**TASK DIRECTIONS**
The lines below from the one with "Chic blush ribbed" up to and including the one with "a) I haven't" are what you should set down, exactly and without pictures.

**RECORD EXCERPTS**
##############################

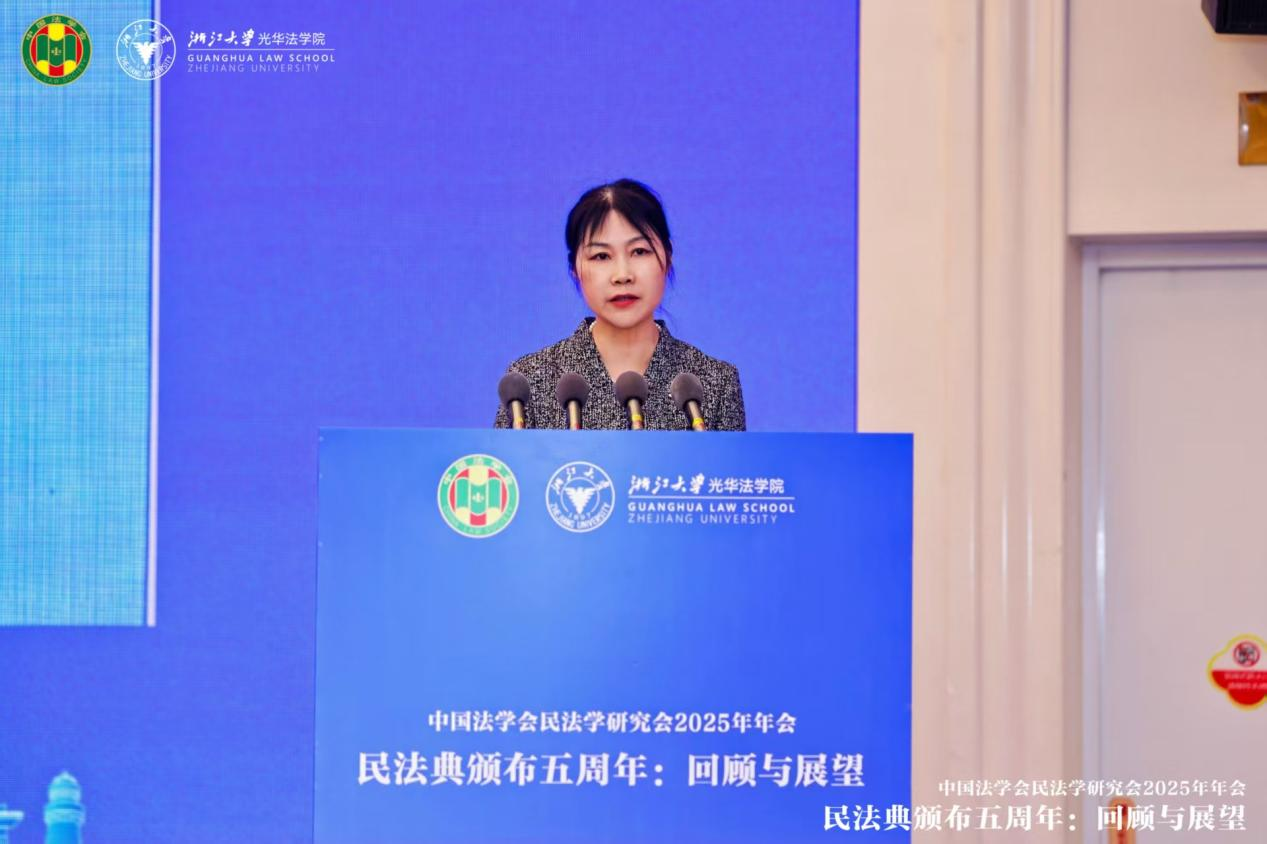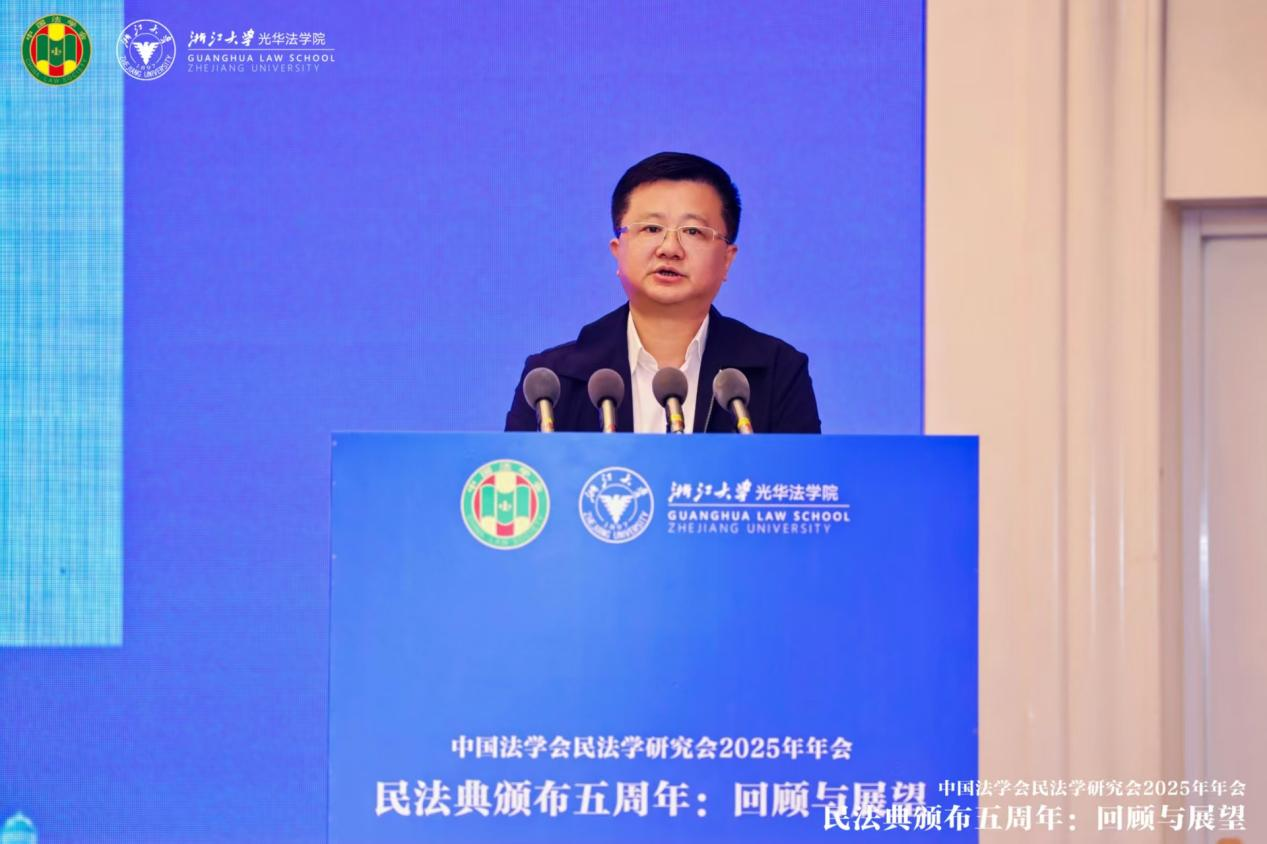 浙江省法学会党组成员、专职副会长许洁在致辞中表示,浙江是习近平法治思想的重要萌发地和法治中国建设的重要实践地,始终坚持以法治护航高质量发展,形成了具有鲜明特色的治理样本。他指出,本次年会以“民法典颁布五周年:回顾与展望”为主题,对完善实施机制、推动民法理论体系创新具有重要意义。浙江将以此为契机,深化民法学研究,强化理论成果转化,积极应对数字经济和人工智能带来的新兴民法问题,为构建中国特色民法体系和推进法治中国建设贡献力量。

##############################

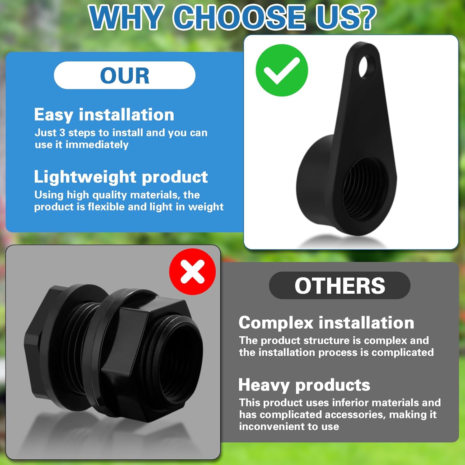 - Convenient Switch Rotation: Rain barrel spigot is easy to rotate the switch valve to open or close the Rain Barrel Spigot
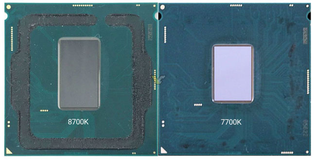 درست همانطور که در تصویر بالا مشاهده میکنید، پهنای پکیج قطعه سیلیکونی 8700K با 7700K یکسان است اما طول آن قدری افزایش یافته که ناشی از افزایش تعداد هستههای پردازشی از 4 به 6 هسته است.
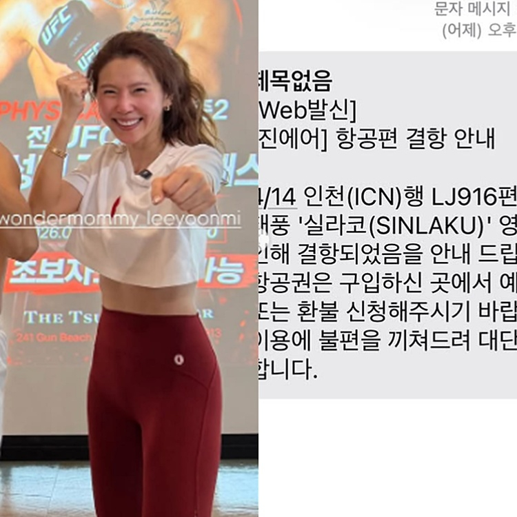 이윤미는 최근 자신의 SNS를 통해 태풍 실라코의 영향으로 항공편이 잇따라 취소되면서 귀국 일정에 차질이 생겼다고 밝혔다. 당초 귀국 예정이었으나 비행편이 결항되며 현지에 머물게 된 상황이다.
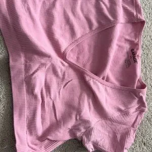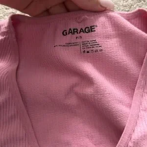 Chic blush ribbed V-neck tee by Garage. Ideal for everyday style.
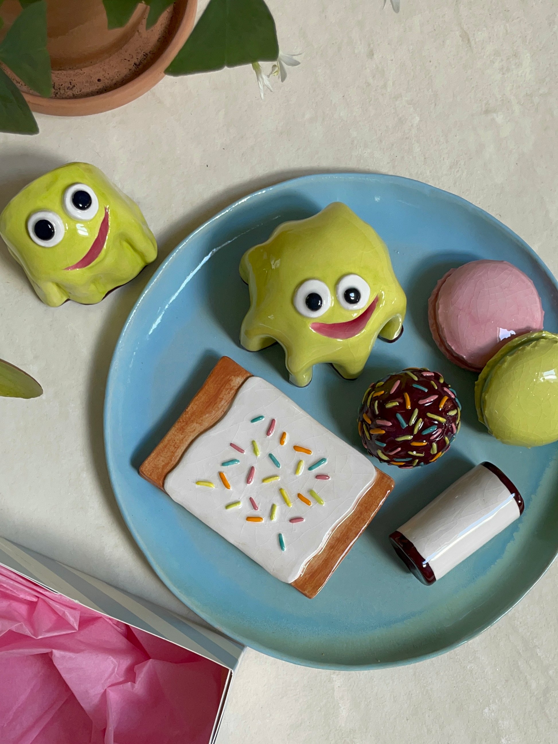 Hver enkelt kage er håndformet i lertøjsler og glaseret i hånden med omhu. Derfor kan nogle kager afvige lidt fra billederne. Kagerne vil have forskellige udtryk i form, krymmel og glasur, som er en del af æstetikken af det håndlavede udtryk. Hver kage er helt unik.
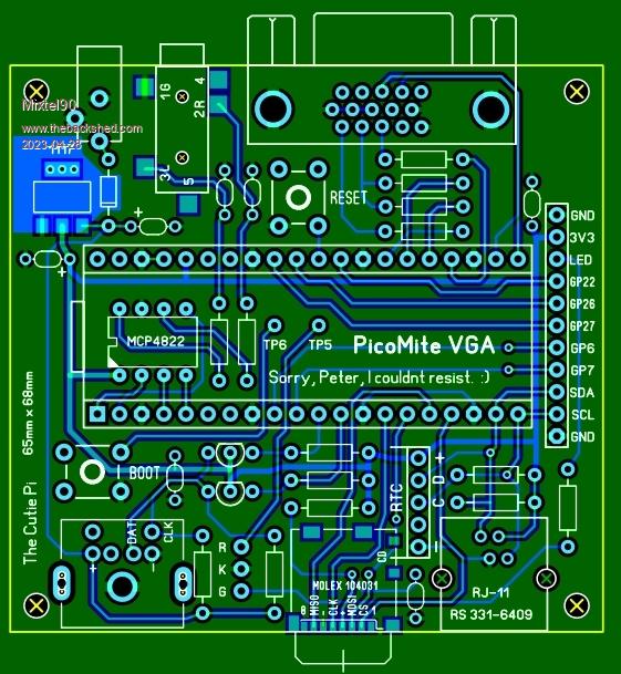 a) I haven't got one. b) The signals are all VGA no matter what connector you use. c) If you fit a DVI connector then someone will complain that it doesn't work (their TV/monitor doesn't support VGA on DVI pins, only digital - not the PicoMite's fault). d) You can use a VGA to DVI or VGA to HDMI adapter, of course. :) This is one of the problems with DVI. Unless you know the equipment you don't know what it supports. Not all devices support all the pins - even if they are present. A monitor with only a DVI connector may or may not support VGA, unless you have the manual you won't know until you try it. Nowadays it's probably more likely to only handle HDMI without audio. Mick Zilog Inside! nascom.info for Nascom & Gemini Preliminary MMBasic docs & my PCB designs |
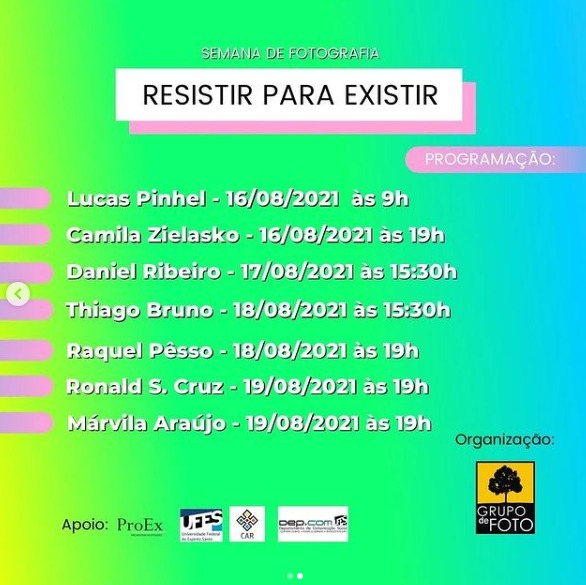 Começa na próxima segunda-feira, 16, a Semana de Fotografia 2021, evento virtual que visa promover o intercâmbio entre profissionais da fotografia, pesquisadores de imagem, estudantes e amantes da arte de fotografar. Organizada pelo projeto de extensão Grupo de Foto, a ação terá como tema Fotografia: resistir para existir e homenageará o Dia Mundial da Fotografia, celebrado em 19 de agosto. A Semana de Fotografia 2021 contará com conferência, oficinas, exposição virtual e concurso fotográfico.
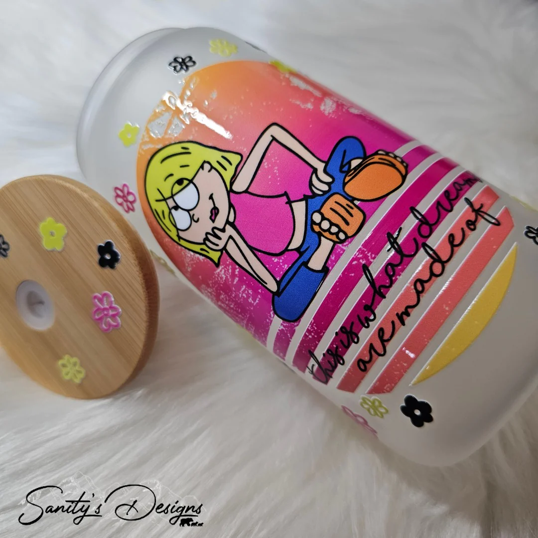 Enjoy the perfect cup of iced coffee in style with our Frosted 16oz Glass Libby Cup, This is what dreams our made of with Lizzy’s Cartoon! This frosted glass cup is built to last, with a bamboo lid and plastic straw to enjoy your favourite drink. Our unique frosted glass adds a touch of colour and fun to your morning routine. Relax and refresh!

##############################

**COMPLETED TASK**
 Chic blush ribbed V-neck tee by Garage. Ideal for everyday style.
 Hver enkelt kage er håndformet i lertøjsler og glaseret i hånden med omhu. Derfor kan nogle kager afvige lidt fra billederne. Kagerne vil have forskellige udtryk i form, krymmel og glasur, som er en del af æstetikken af det håndlavede udtryk. Hver kage er helt unik.
 a) I haven't got one. b) The signals are all VGA no matter what connector you use. c) If you fit a DVI connector then someone will complain that it doesn't work (their TV/monitor doesn't support VGA on DVI pins, only digital - not the PicoMite's fault). d) You can use a VGA to DVI or VGA to HDMI adapter, of course. :) This is one of the problems with DVI. Unless you know the equipment you don't know what it supports. Not all devices support all the pins - even if they are present. A monitor with only a DVI connector may or may not support VGA, unless you have the manual you won't know until you try it. Nowadays it's probably more likely to only handle HDMI without audio. Mick Zilog Inside! nascom.info for Nascom & Gemini Preliminary MMBasic docs & my PCB designs |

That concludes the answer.